[MLton] Cygwin->Mingw32: patch + future

Stephen Weeks MLton@mlton.org
Mon, 22 Nov 2004 15:37:06 -0800

> In hindsight, I think if there was an option '-target-cc foo "gcc
> -mno-cygwin"' that would be enough. However, I think that keeping these
> settings in the mlton script is the wrong place. Target compilation
> options should be stored in the usr/lib/mlton/target/ directory. If the
> mlton script sourced files from there, that would be ideal.

This looks like a good idea, if we can work around a problem or two.
It does let us specify cc-opt, and link-opt, as well as other options
on a per-target basis with more flexibility than the current approach.

One problem that I see is where do we put the -target-{cc,link}-opt
options that currently live in mlton-script before the
lib/mlton/<target> directories are created?  Most people only have
lib/mlton/self.  It's only after installing a cross compiler that
these flags are added.  I guess we could change the add-cross script
so that when it creates lib/mlton/<target> it installs a default set
of flags?

> If a -target-cc was added, it must support multiple words (unlike the
> current -cc option). The default for a target 'bar' should be
> "$(cc) -b bar" where $(cc) is the setting of -cc for 'self'.

With your approach, I guess we don't need -target-cc, since instead we
would have an appropriate -cc flag in lib/mlton/<target>/flags.  And
maybe we don't even need multiple words, since we can make the first
-cc-opt be the appropriate -b or -mno-cygwin.  And MLton will preserve
the order of the cc options.

> I actually ended up adding it to MLTON_CHILD.
> The reason was that in basis-extra.mlb the ordering prevents it from
> working. A proper implementation similar to system/unix.sml needs the signal
> mask stuff which is in signal.sml. But the dependency
> signal->thread->exn->process prevents me from putting the code there.

OK for now.  I'll revisit this when we're ready to checkin.

> > * What is RedirectionFailure for?
> It was supposed to be if it failed to create the PIPE or open the FILE.
> Right now I just let the exceptions trickle through. I am not sure what the
> best solution is; I am unused to using exceptions for error-handling...

For now let's let the underlying exceptions trickle through.

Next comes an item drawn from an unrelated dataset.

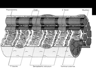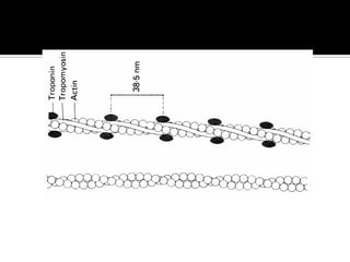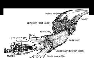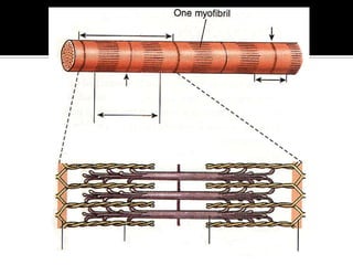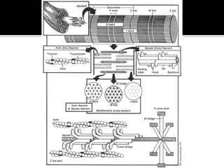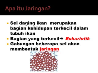Dokumen ini membahas struktur sel daging ikan yang terdiri dari berbagai komponen seperti miofibril, miofilamen, dan sel-sel jenis lainnya yang memiliki fungsi spesifik dalam tubuh ikan. Sel daging ikan berperan dalam kontraksi otot dan mengandung protein penting seperti aktin dan miosin yang saling berinteraksi selama proses kontraksi. Terdapat juga penjelasan mengenai lapisan-lapisan jaringan ikat yang menyusun otot dan peran berbagai sel dalam mendukung fungsi jaringan otot.

> > * I wonder if it makes sense to change the semantics from how the
> > Unix module behaves so that, e.g., two calls to textStdinOf return the
> > same stream instead of creating a new one (which has no reasonable
> > behavior).
> Yes! Please!

Let's doit then.  We are not so constrained in defining our own

> I propose to remove all the text/binary toggles out of the
> SML library and put all MLton filedescs in binary mode. Then add translation
> at the level of TextIO. More work to be done in the MLton basis library,
> true. However, this will probably be more portable in the long run and
> makes several otherwise impossible problems solvable
> Make both TextIO.stdin and BinIO.stdin point to the same underlying buffer
> and bingo, it finally works the way C should have. If you combine this with
> your above suggestion of returning the same stream, one can even guarantee
> that reads/writes to the same fd are not order-mangled by the buffers.

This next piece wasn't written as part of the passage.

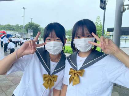 傘が必要な程度の雨模様です。少し肌寒い感じですが、生徒はとても元気です。

This seems like a fine idea to me.  I am interested to hear others'
thoughts though.

> > Here's a MLtonization of your signature, with my proposed changes.
> > 	    val file: string -> 'a isNotPipe t
> > 	    val inherit: 'a isNotPipe t
> > 	    val lie: 'a isNotPipe t -> 'a isPipe t
> > 	    val null: 'a isNotPipe t
> > 	    val pipe: 'a isPipe t
> Uhm, "lie"?
> That sounds like a dangerous option.
> What's it for?

The idea was that one might want to write a piece of code (e.g. a
shell) that dynamically decides whether or not an argument to create
is a pipe.  In that case, we must have a common supertype that covers
both types.  My approach was to allow the client to lie about the type
by treating an isNotPipe as an isPipe and having the get* functions
raise exceptions.  This was a bad idea.  This can be done in a more
type safe manner.  I've included a new approach in the code below.

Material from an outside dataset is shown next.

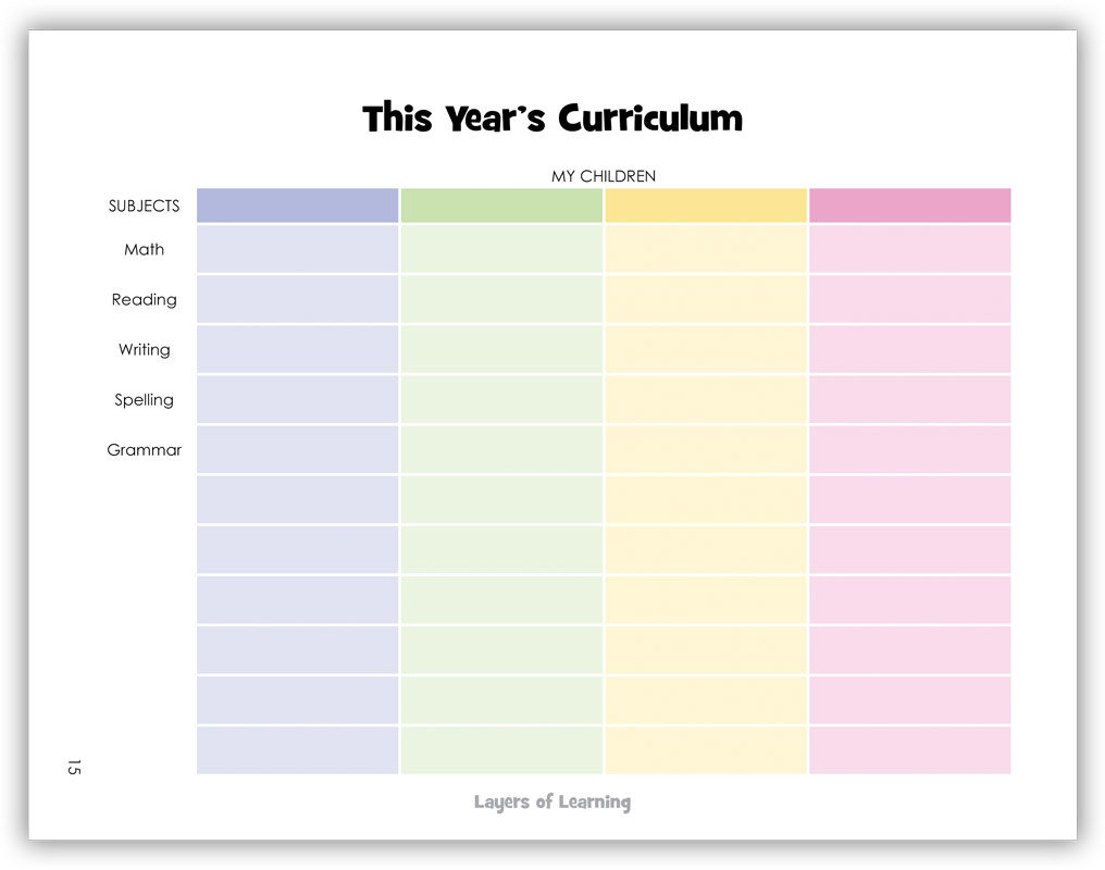 Next, you’ll write down which curriculum options you have chosen for each of your children.

> The only 'unsafe' part of my new interface is that you can pass the stdout
> of one process into the stdin of more than one process. This gives an
> exception. I think it is impossible to prevent this with the type system
> though, right?


> To keep cygwin on the level of mingw, I've switched cygwin to using
> fork() and mmap(). For me, it appears to work (I have the newest
> cygwin). The change to enable cygwin+fork() is currently part of my
> patchset.

Unfortunately, using fork+mmap is still not acceptable on Cygwin in
some cases.  See

> I intend to figure out how to run the regression tests today.
> However, I only have access to cygwin, mingw32, and linux.

That's fine.  We test the other platforms sporadically, and I will try
to remember run some tests after the checkin.

> I've attached the current signature for your approval.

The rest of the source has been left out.